As long as capitalism exists we will revisit similar crises, and every time governments and corporate bosses will demand that workers, the poor and oppressed pay the price. Big business is sacrosanct, demanding and getting huge bail out packages. But hundreds of thousands being thrown into unemployment are facing the prospect of living on $40 a day in September, and millions are eking out a life with no income. And every time, the demands for sacrifice by our side are backed up by leaders of the labour movement.

Each crisis has different specificities, but the political and social issues are so similar we can learn from earlier revolutionaries. In fact, Luxemburg paints a picture eerily prophetic of today’s multilayered crisis of environmental catastrophe, a pandemic which could have been prevented, and the resultant unprecedented economic disaster:

“Friedrich Engels once said: ‘Bourgeois society stands at the crossroads, either transition to socialism or regression into barbarism.’ What does ‘regression into barbarism’ mean to our lofty European civilization? Until now, we have all probably read and repeated these words thoughtlessly, without suspecting their fearsome seriousness.

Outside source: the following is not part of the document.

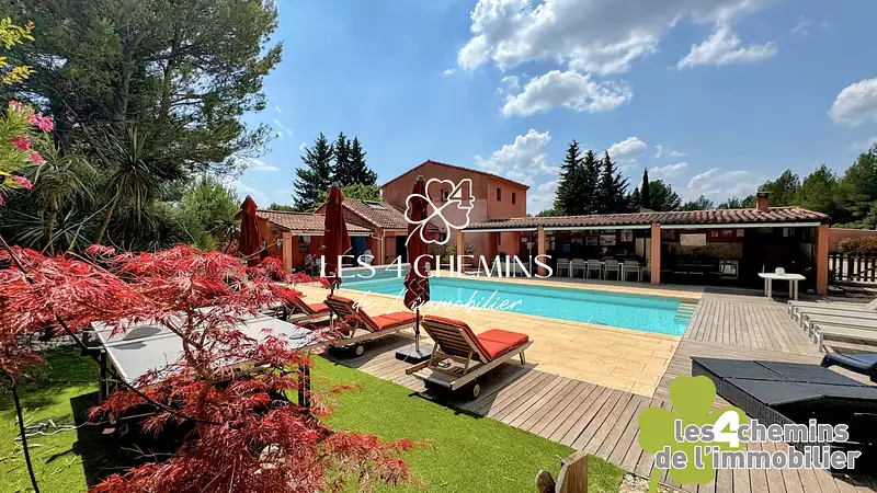 A 10 Km d’Aix-En-Provence à Chateauneuf-Le-Rouge,, cette magnifique maison de 7 pièces d'une superficie généreuse de 200 m2, elle offre un cadre de vie idéal pour les familles en quête de confort et de tranquillité et elle est également idéale pour une maison de vacances en Provence au son des cigales, proche de la mer. Dès l'entrée, vous serez séduit par un vaste hall lumineux menant à un spacieux salon, où de grandes fenêtres laissent entrer la lumière naturelle, créant une atmosphère chaleureuse agrémenté par une cheminée pour vos soirées en hiver. La cuisine, entièrement équipée, est un véritable espace de convivialité, parfait pour préparer de bons repas en famille ou entre amis. Le coin nuit comporte 2 chambres en rez-de-chaussée-de-chaussée, une salle de bain et WC séparé. Il se prolonge par une salle de bien être avec sauna et salle de sport. À l'étage, vous découvrirez 2 chambres, chacune avec placard et une salle de bain, WX, et un bureau ou petite chanbre d’enfant. À l'extérieur, un jardin paysager vous attend, avec ses nombreux espaces de détente différents : grande terrasse en partie ombragée au sud avec vue sur sa prairie, une terrasse côté Nord très pratique accessible depuis la cuisine, un immence pool-hiuse entièrement équipée d’une cuisine avec four à pin pour vos repas entre amis à l’ris du soleil au bord de sa grande piscine et sa plage ensoleillée vous pourrez profiter de moments de détente ou organiser une partie de boules sous les pins. Un car-port double voitures et des places de stationnement sont également à votre disposition. Idéalement située, cette maison se trouve à proximité des écoles, des commerces et des transports en commun, facilitant ainsi votre quotidien.- et à seulement 10 minutes du centre ville d’Aix-En-Provence désservit également par des bus toutes les heures. Ne manquez pas cette opportunité rare ! Pour plus d'informations ou pour organiser une visite, n'hésitez pas à nous contacter ! Prix de vente : 849000 Euros, honoraires agence à charge acquéreur de 4%. DPE : C. Les informations sur les risques auxquels ce bien est exposé sont disponibles sur le site Géorisques : www. georisques. . Mandat de vente no2761 Retrouvez tous nos biens sur :

“A look around us at this moment shows what the regression of bourgeois society into barbarism means. This world war is a regression into barbarism... the annihilation of civilization... Today, we face the choice exactly as Friedrich Engels foresaw it a generation ago: either the triumph of [capitalism] and the collapse of all civilization as in ancient Rome, depopulation, desolation, degeneration – a great cemetery. Or the victory of socialism.”

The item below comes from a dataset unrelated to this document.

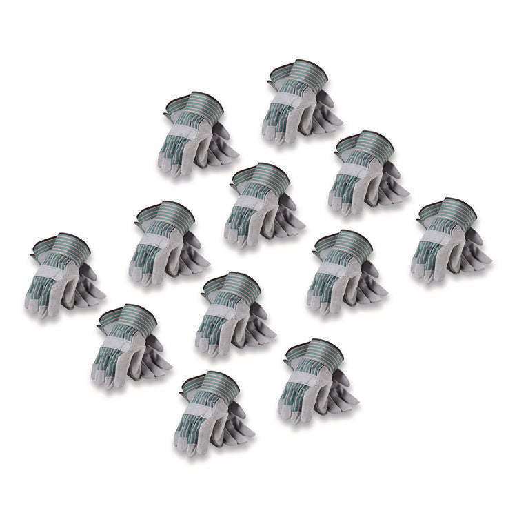 Bronze Series Leather/fabric Work Gloves, Large (size 9), Gray/green, 12 Pairs

Luxemburg the revolutionary would be murdered in January 1919 by her old party, the Social Democrats, but not before she helped to found German Communist Party. It would lead a revolutionary struggle before the final victory of capitalism in 1923 and the rise of fascism. Luxemburg never wavered in her confidence that the working class could overturn capitalism and build a socialist society. Her words are a clarion call for those who a century later yearn for a decent world, for an end to capitalism:

“The victory of socialism will not descend from heaven. It can only be won by a long chain of violent tests of strength between the old and the new powers. The international proletariat...will thereby learn to try to take its history into its own hands; instead of remaining a will-less football, it will take the tiller of social life and become the pilot to the goal of its own history.”